Wednesday, 31 October 2007

Digitalia et al

A trip into the heat or heart of the capital, where I meet with a former colleague who specialises in the digital arts. It is all numbers and keys and screens and pads and swivel-chairs, his work. The consequence of his actions is something similar to reality, but its foundation is all in numbers. He does not work in the static arts, this number-crunching visualist. That would be too, well, static. He works only in moving images, which is to say 24 and 25 frames per second. You know, someone once described this kind of work to me as akin to polishing turds, which was probably unfair of them, but I do know this world myself, because during one period in my life I had the task of working with people in this field.
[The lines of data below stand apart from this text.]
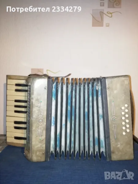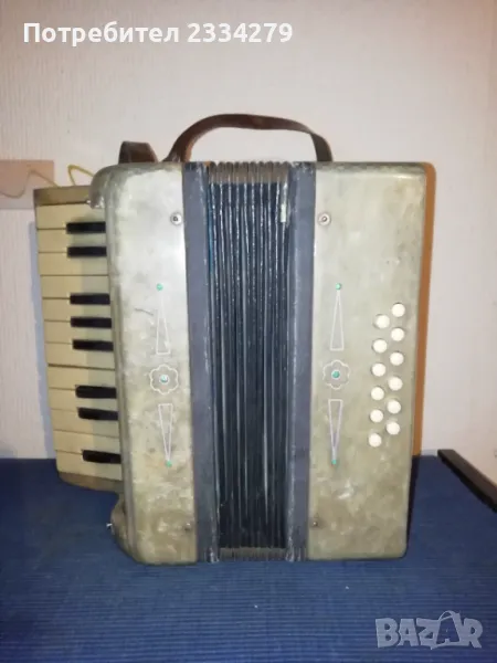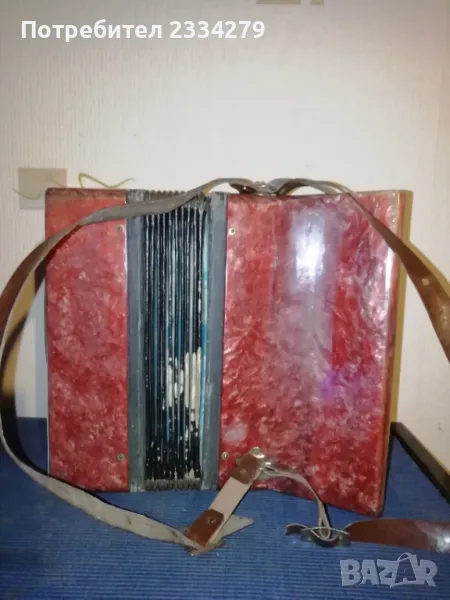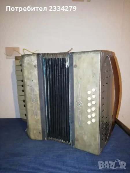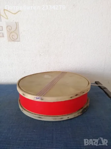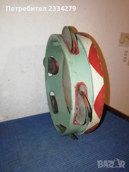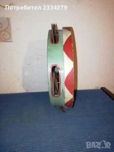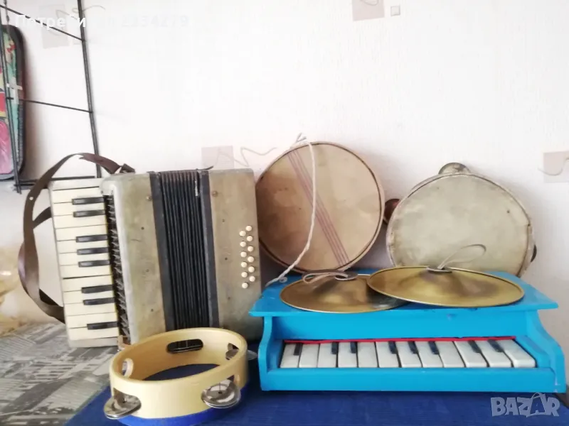 Стари децки музикални инструменти от 50-60 години. N:1(НЕВАЛИДНА); N:2 малък децки акордеон от баса, свирещ, цена 18€.; N:3 ударен музикален децки инструмент ,,дайре" ръчно рисувано изработено от дърво, кожа, ламарина, размери 21х5см.,цена 5€.; N:4 старо децко барабанче 40-50години,ръчно изработено от кожа и дърво размери: 20х7см., цена 8€.; N;5 старо децко
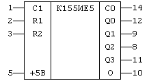 Рис. 12.18. Двоичный реверсивный счетчик К155 ИЕ6.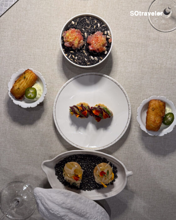 เป็นค่ำคืนที่สะท้อนความงดงามของสองวัฒนธรรม ผ่านภาษาของ “รสชาติ” และ “เทคนิค” ที่เปี่ยมด้วยศิลปะ เริ่มต้นด้วย Champagne Canapés ที่เปิดเกมอย่างหรูหรา Tuna Tartelette จากเชฟ Charles ให้สัมผัสละเมียดละไมของปลาทูน่าสด ผสานกับ Confit Lamb Belly ที่เพิ่มความเข้มข้นและกลิ่นหอมลึกของเนื้อในคำเดียว ขณะที่ Churros Jalapeños ของเชฟ Enrique ปลุกประสาทรับรสด้วยความเผ็ดเปรี้ยวจาก Acidulated Vegetable Tartelette คำเล็ก ๆ ที่ทั้งสนุกและเฉียบคมในเวลาเดียวกัน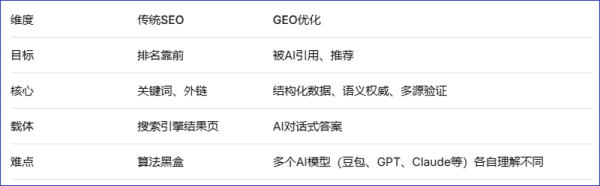 - 你有沒有發(fā)現(xiàn),最近身邊的人問信息,不再只說“我去百度一下”,而是越來越多地打開豆包、deepseek、千問、元寶、Kimi、ChatGPTAI搜索正在悄悄取代傳統(tǒng)搜索引擎。而隨之而來的,是一個全新的賽道——GEO(生成式引擎優(yōu)化)。簡單說:GEO不是讓你排在搜索結(jié)果第幾位,而是讓你的品牌被AI“主動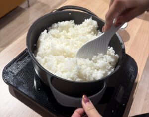 今回使用した三条市のUNILLOYさんのホーロー鍋は鋳物鍋の中では世界一軽いと言われ、蓄熱・保温効果に優れているので炊飯にも最適です。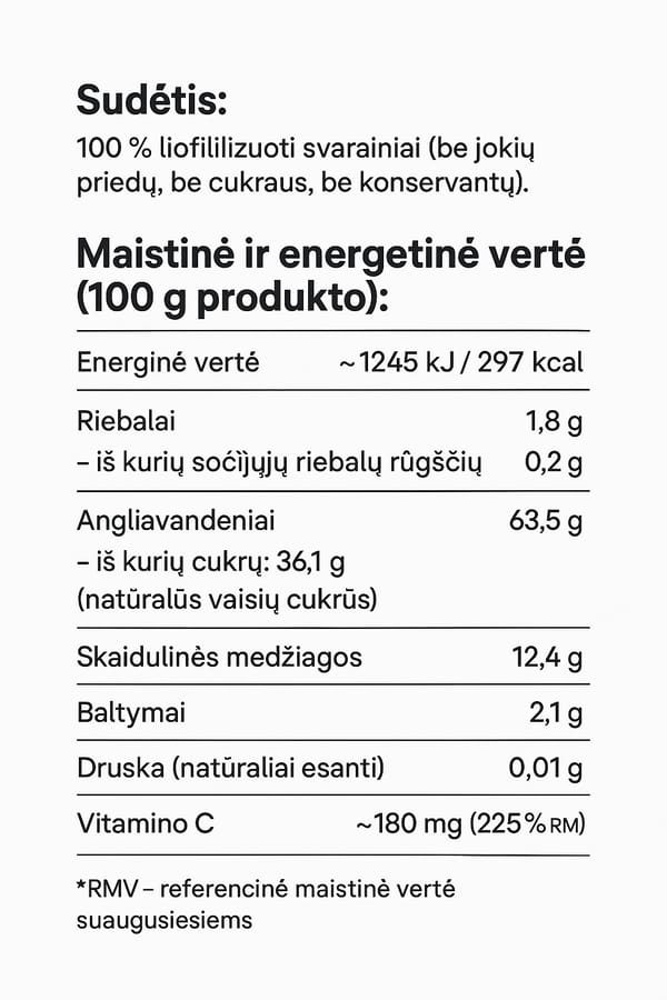 100 % liofilizuoti svarainiai (be jokių priedų, be cukraus, be konservantų).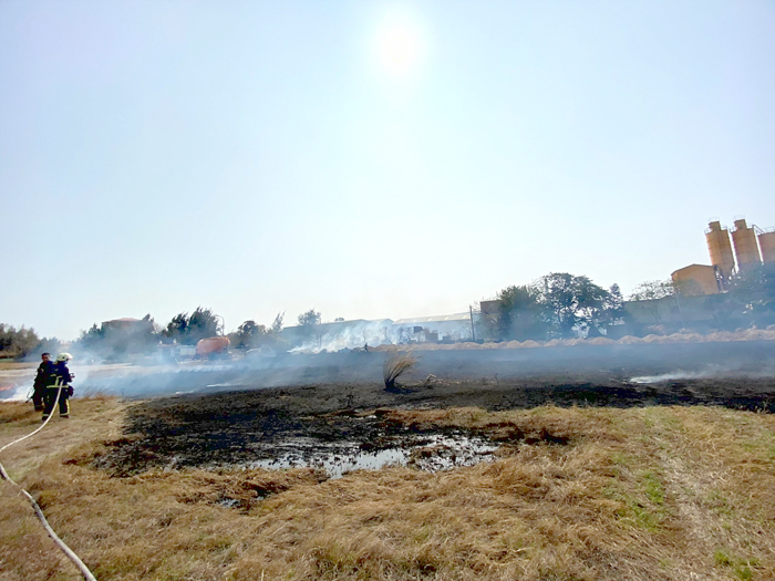 天乾物燥,小心火燒埔!金湖消防分隊表示,1月27日11時23分,接獲報案表示三谿橋與畜試所間一起田野雜草火警,現場因巷弄窄小消防車難以接近,且當時下風處緊鄰油料倉庫,一旦起火火載量驚人,現場指揮官小隊長蔡智成立即請求加派消防水庫車到場支援,所幸現場戰術運用得宜,積極周界防護,成功阻斷火勢蔓延,火勢於11時52分撲滅,燃燒面積約300平方公尺。 金門縣消防局第二大隊金湖分隊於27日11時23分接獲1起田野雜草火警,第一梯次車組出勤即發現遠方濃煙密佈,到場後發現下風處火勢逼近一棟油料倉庫,車組立即請求加派消防水庫車支援,金湖分隊車組優先防護該倉庫,阻斷火勢蔓延路徑,火勢雖迅速獲得控制,惟因緊臨油料倉庫火載量大,現場殘火需謹慎處理,現場指揮官小隊長蔡智成遂協請周邊推土機協助開闢防火線,並翻搗悶燒雜草,現場人員積極進攻深層火點,火勢終於11時52分撲滅。 第二大隊大隊長陳奇表示,由於時值東北季風強盛時期,加上久旱未雨,火勢蔓延迅速,本次火警所幸成功防護油料倉庫,方能有效侷限火勢影響範圍,也呼籲民眾切勿隨意焚燒雜草,注意平日用火用電安全。
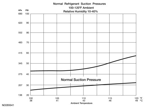 NOTE: The system performance can be evaluated and diagnosed by analysis of the compressor suction and discharge pressures. The following procedure is used to determine if the system is operating at normal pressures.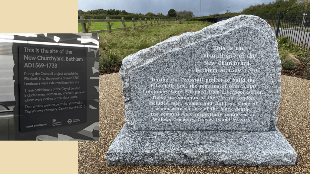 A huge number of plague victims were buried in the New Churchyard at Bethlem, perhaps up to 20,000. Around 3,500 bodies were exhumed from the site of Liverpool Street station.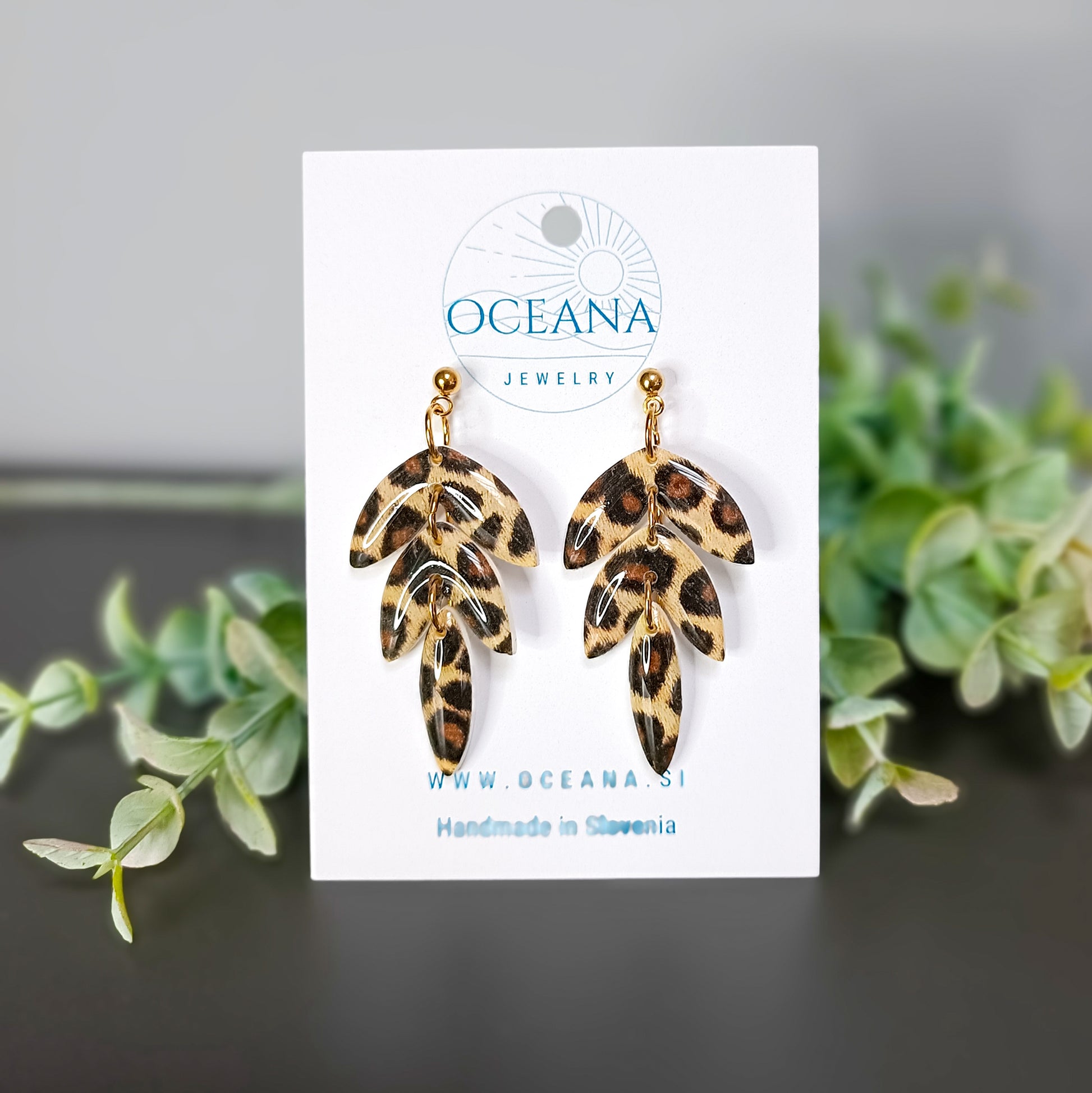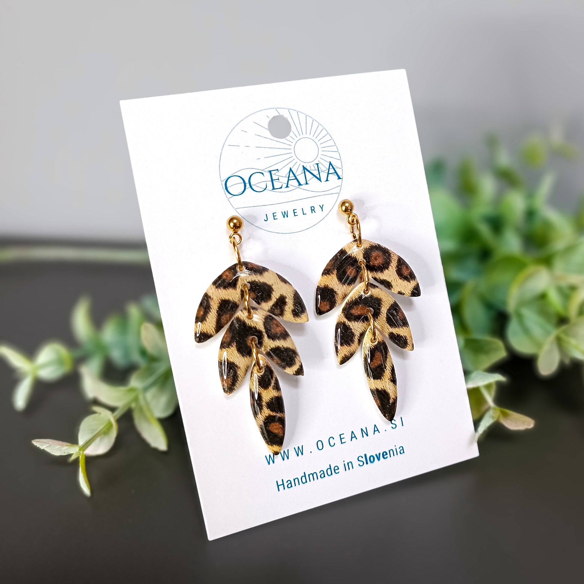 Dodaj svojemu videzu kanček divje elegance z ročno izdelanimi uhani iz polimerne gline. Vsak par je skrbno oblikovan in prekrit z bleščečo plastjo smole za gladek in obstojen izgled.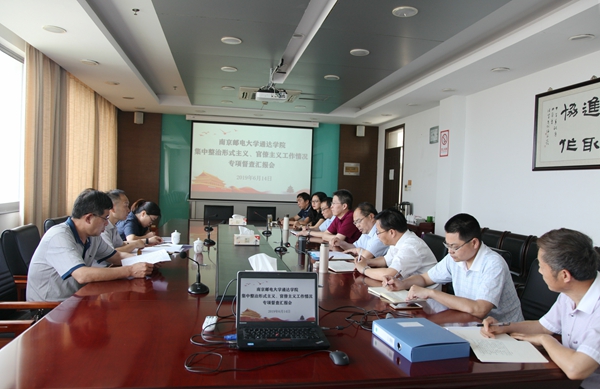 6月14日,南邮纪委委员、财务处处长张进,巡察办杨瑞到德赢官网,就第一轮集中整治形式主义、官僚主义工作情况开展专项督查调研。学院领导班子全体成员、党办主任、党风联络员、特邀监察员等参加调研会。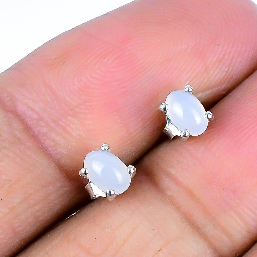 Natural Aqua Chalcedony Sterling Silver Stud Post Birthday Anniversary Earrings
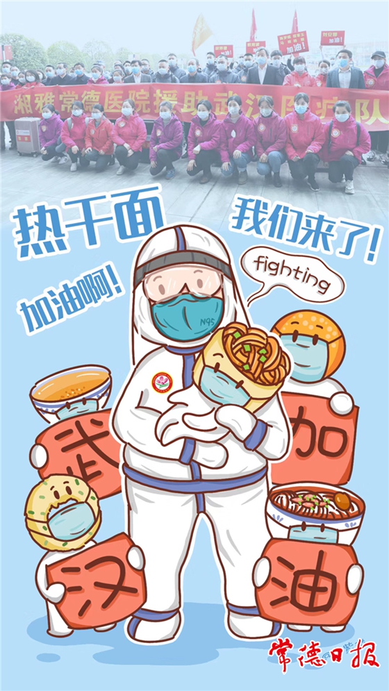 李紫微是湘雅常德医院事业发展部一名宣传干事,大学主修视觉传达专业,有手绘基础。21日,湘雅常德医院35名医护人员组成的我市第三批医疗队,驰援武汉。“作为医院一名行政人员,我见证了他们从请战到出征的全部过程,深受感动,我也想用自己最擅长的手绘为医护人员、为武汉加油打气。”李紫微说,此前,一幅“全国美食为热干面加油”的漫画在网络上走红,治愈的画风让她感到异常温暖。由此,一幅“常德医护人员和本地美食为热干面加油”的漫画作品开始在她的脑海中构思。
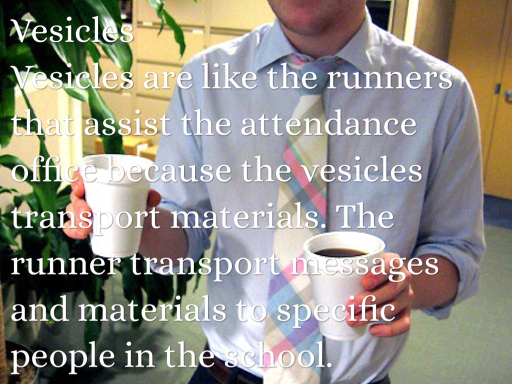 Vesicles are like the runners that assist the attendance office because the vesicles transport materials. The runner transport messages and materials to specific people in the school.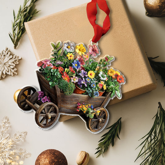 Shineful 2D Acrylic Ornament - Blooming Garden Cart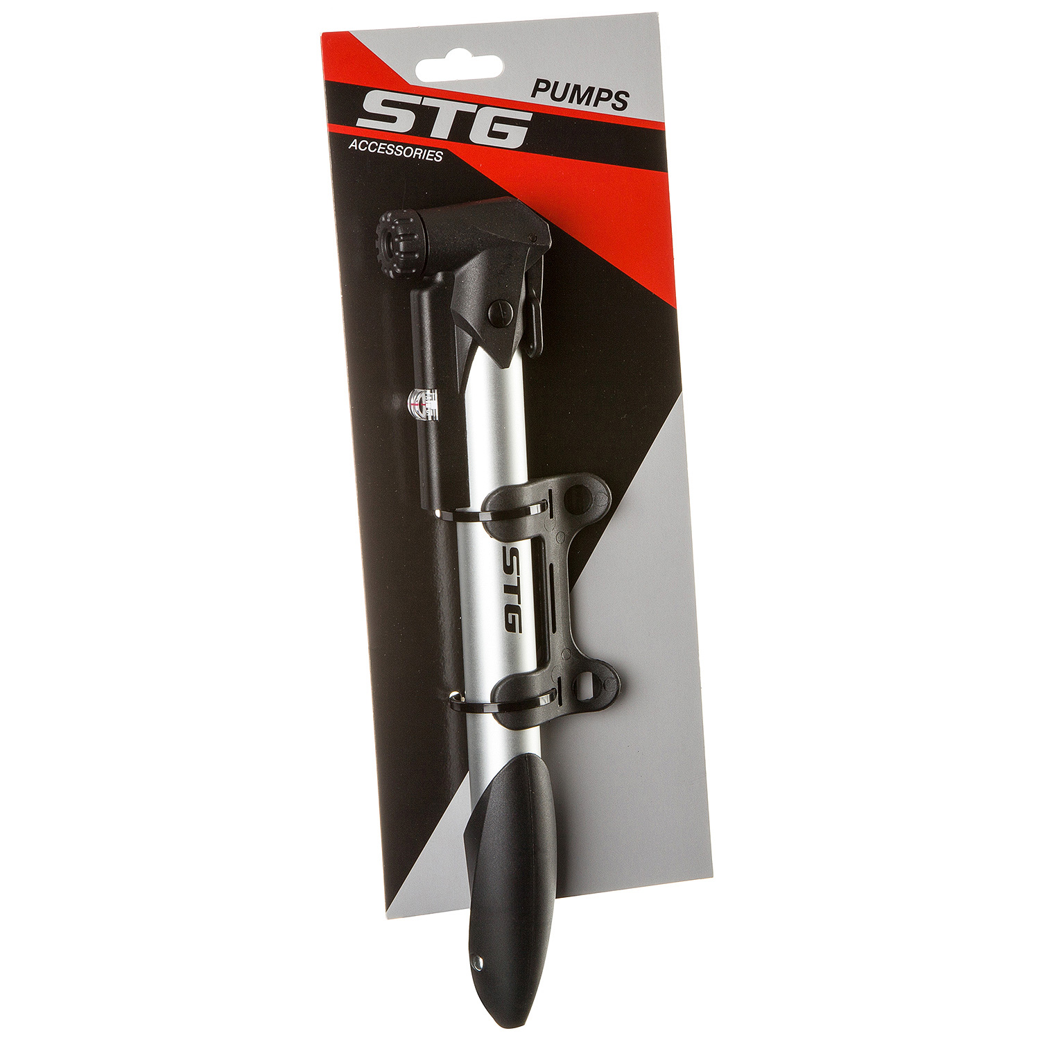 Насос ручной STG GP-91 под нипель prestaschrader, с манометром. Материал алюминий.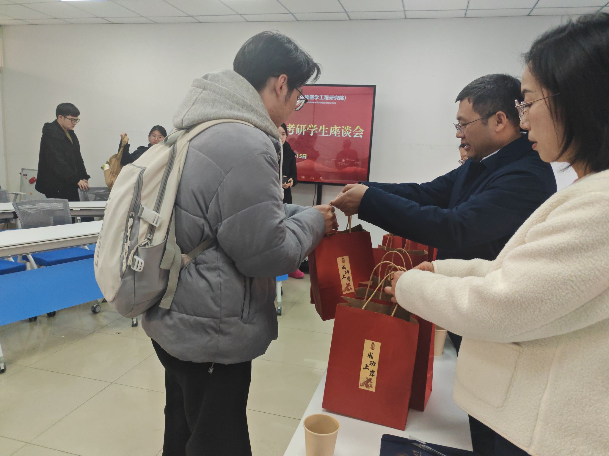 随后,与会领导、老师们亲自将学院精心准备的“考研加油包”送到每一位学子手中。“加油包”内不仅包含了寓意“金榜题名”的定制文具、“心想事橙”“分数升升”“巧克难关”“好运旺旺”的寓意食品,还有实用的暖贴等物资。每一份礼物都凝聚着学院对学子们的深切关怀与殷切期望,现场气氛温馨而热烈。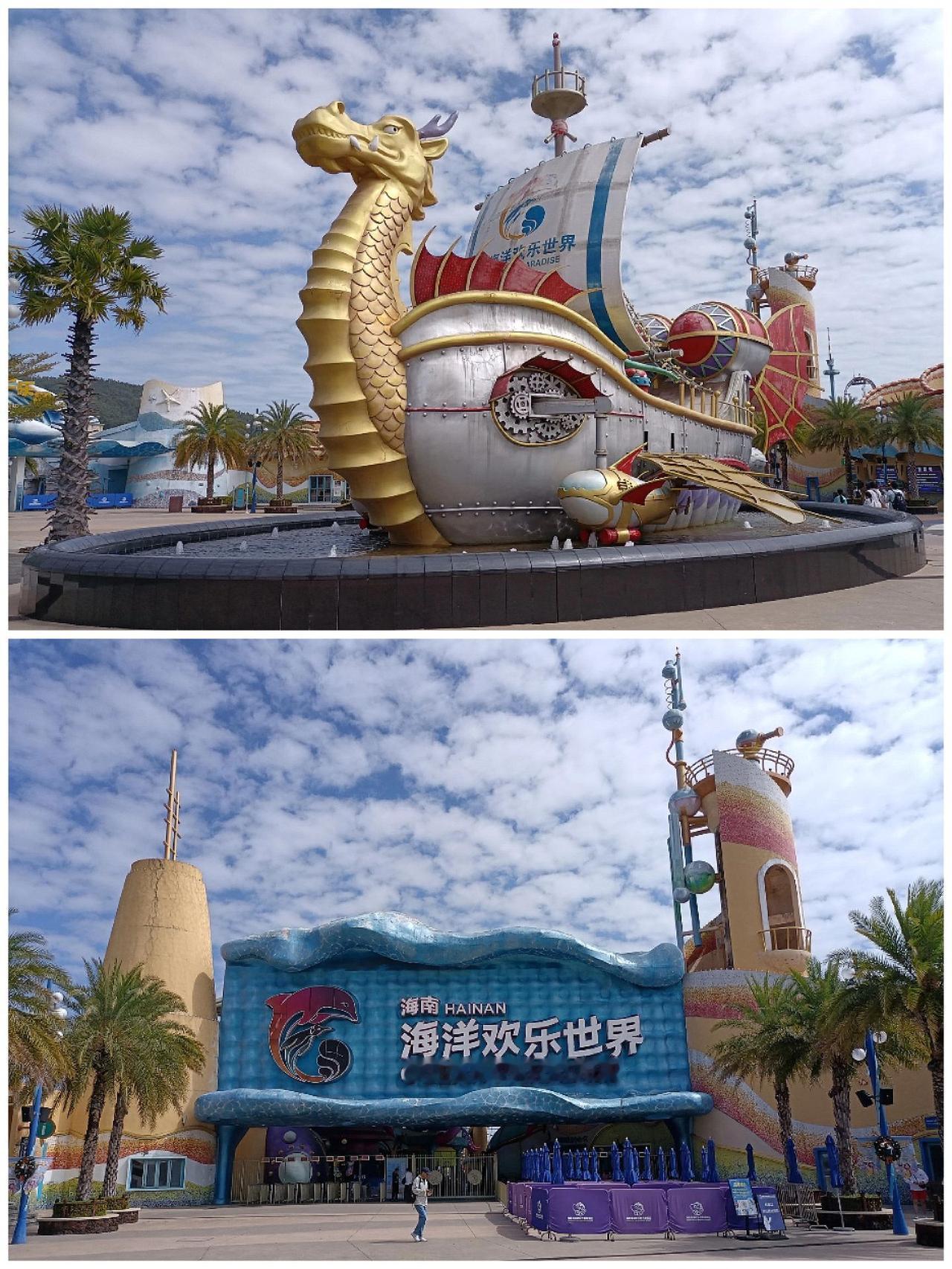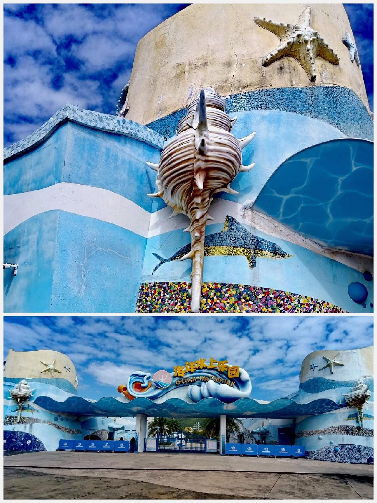 头一次赶海,就在陵水县岭仔村赶海点(图1-4)。好家伙,身穿渔民的深水工装,带着深水钳子,赶海了!沿着滩涂慢慢走向海边,这里风平浪静,没有潮汐的海浪,一路淌过海水,拾着小贝螺 ,太高兴了,乐此不疲,看近2小时的成果(图5);临走时,借我们工装和工具的老板娘,还送给我们一只绿色的小海星和一颗小海螺,真开心。 余情未了,来到了富力海洋主题公园,美丽的景色吸引了我们(图6)。海洋水上乐园的大门太好看了,左边的超大海螺(图7)美极了;这条龙船和欢乐世界大门如童话世界(图8);右侧看过去,以为是神话中的城堡(图9),也留下来放大细看。 香水湾滨海公路网红点(图10-13),也必须打卡一下,可惜正在建造中;不过从公路侧面望过去,瑰丽的海景同样令人心动。 陵水 赶海 赶海拾贝 公园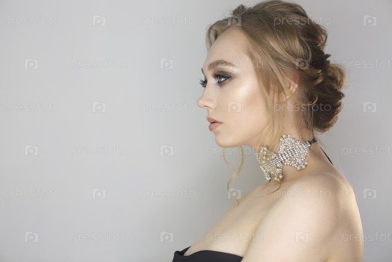 Женщина с модной прической и макияжем. Модный черный кружевной чокер с кристаллами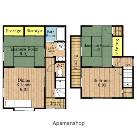 | 間取り詳細 | DK(8帖)、和室(6帖)、洋室(6帖)、洋室(6帖) | ||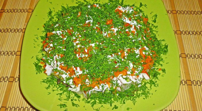 - Приготовьте плоское блюдо для салата. Укладывайте салат слоями в следующей последовательности: 1-й слой: половину тертого картофеля, смазываем майонезом. 2-й слой: выкладываем мелко порезанную зелень.

I will say this, they are talented, they come from engineering rather than pure creativity, and in some instances are genuine world leaders. A strange tribe, too. They all wear the same items of clothing - cloaks of heavily laundered grunge. Also, these so-called digital artists each have the same semi-glazed expressions. They love what they do so much that you often have to peel them away from their screens. They are not highly talkative, either. They are often over-worked and under-paid - so nothing new there - but what sets them most apart is their utter ease with mass computer failure, as if it is like waiting for the rain to pass while on a long, gentle walk. Unusually perhaps, the person I saw today has great respect for the static arts, including very much the artist's work, which he has never actually seen in the flesh, but has seen in reproductions. This love of painting and drawing makes him a better digital artist. Digitalia, I was thinking. It is a both a huge industry and an over-simplification. It is like being given the keys to the kingdom and yet the door is already open. It is egalitarianism made real, yet addictively unrefreshing. As most people know, the entire world has gone or is going digital. The artist is digital. Did you know that? She draws with her fingers.